Трубчатая нервная система – вторая особенность хордовых имеет нейроцель – полость внутри, заполненную спинномозговой жидкостью. Это величайшее достижение, давшее нам возможность стать разумными. У большинства беспозвоночных нервные скопления – ганглии – это просто комочки из множества нейронов, снабжаемые кислородом и питательными веществами только снаружи. При увеличении размера ганглия больше определённого предела – и этот предел не так уж велик – внутренние клетки перестают получать питание. Проблему, конечно, можно решить простым увеличением числа ганглиев; например, немертина Lineus longissimus может иметь длину 60 м (а это, на всякий случай, вдвое больше синего кита!), но общая масса нервной ткани даже в этом случае ничтожно мала, тем более что все ганглии выполняют одинаковую функцию. Ещё можно усложнить поверхность, создать, например, грибовидные тела и протянуть сквозь мозг дыхательные трахеи, как это сделано у насекомых, да к тому же расположить в разных сегментах разные типы ганглиев. Но и это полумеры, принципиально не решающие задачу. Совсем другое дело – трубка. Питание её стенок идёт как снаружи – через окружающие мозг капилляры, так и изнутри – через спинномозговую жидкость. А если ещё переднюю часть расширить в мозговые пузыри с раздутыми производными нейроцели – желудочками, а поверхность сложить складками – бороздами и извилинами, то мозг можно увеличивать практически безгранично – вплоть до полутора – двух килограммов у человека и четырёх – девяти у кашалота и слона. Понятно, что древнейшие хордовые ещё не прочувствовали всех этих преимуществ, но и на первых порах даже незначительное увеличение сообразительности давало выигрыш перед туповатыми членистоногими хищниками.

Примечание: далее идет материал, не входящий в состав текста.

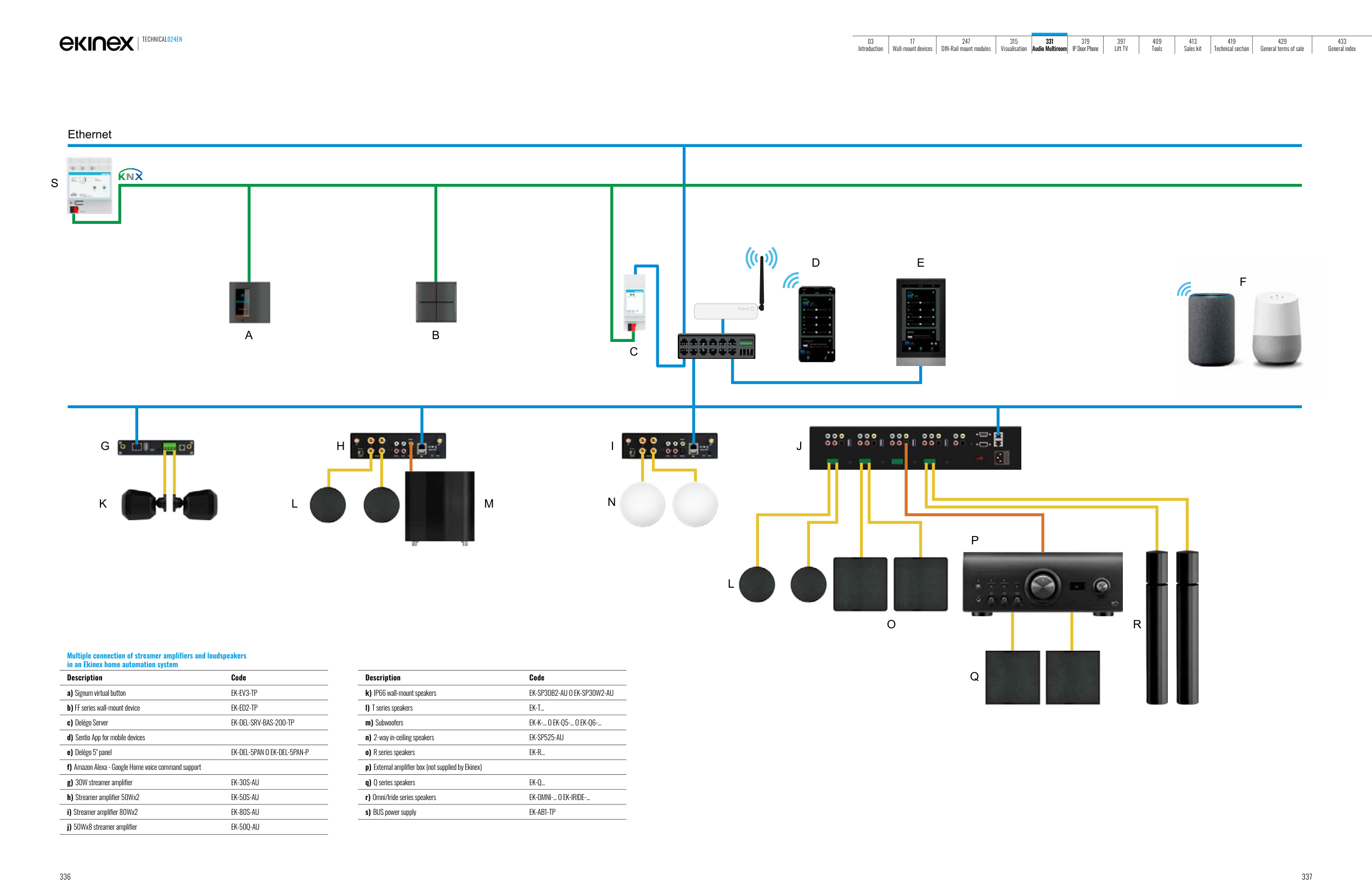 p) External amplifier box (not supplied by Ekinex)

Кроме прочего, есть существенное различие эмбрионального формирования мозга первично- и вторичноротых: у первых зачаток первичного мозга благополучно развивается, а у нас – редуцируется, а потом возникает новый нервный центр, так что мы мало того что вторичноротые, так ещё и вторичномозговые.
Замкнутая кровеносная система – ещё один важный наворот анатомии хордовых. Правда, его уникальность под сомнением с двух позиций. Во-первых, как уже упоминалось, у кольчатых червей кровеносная система тоже замкнутая, а во-вторых, у ланцетника, строго говоря, она не совсем замкнутая. Ежели смотреть в обычный микроскоп, мы увидим в теле ланцетника полностью замыкающиеся друг на друга трубочки, но секрет в том, что у самых мелких «капилляров» нет специфической эндотелиальной выстилки, так что это вовсе даже и не капилляры, а просто трубкообразные расщепления тканей, через которые течёт кровь; да и у крупных сосудов выстилка не сплошная. Впрочем, это придирки – функционально все трубки составляют замкнутую систему.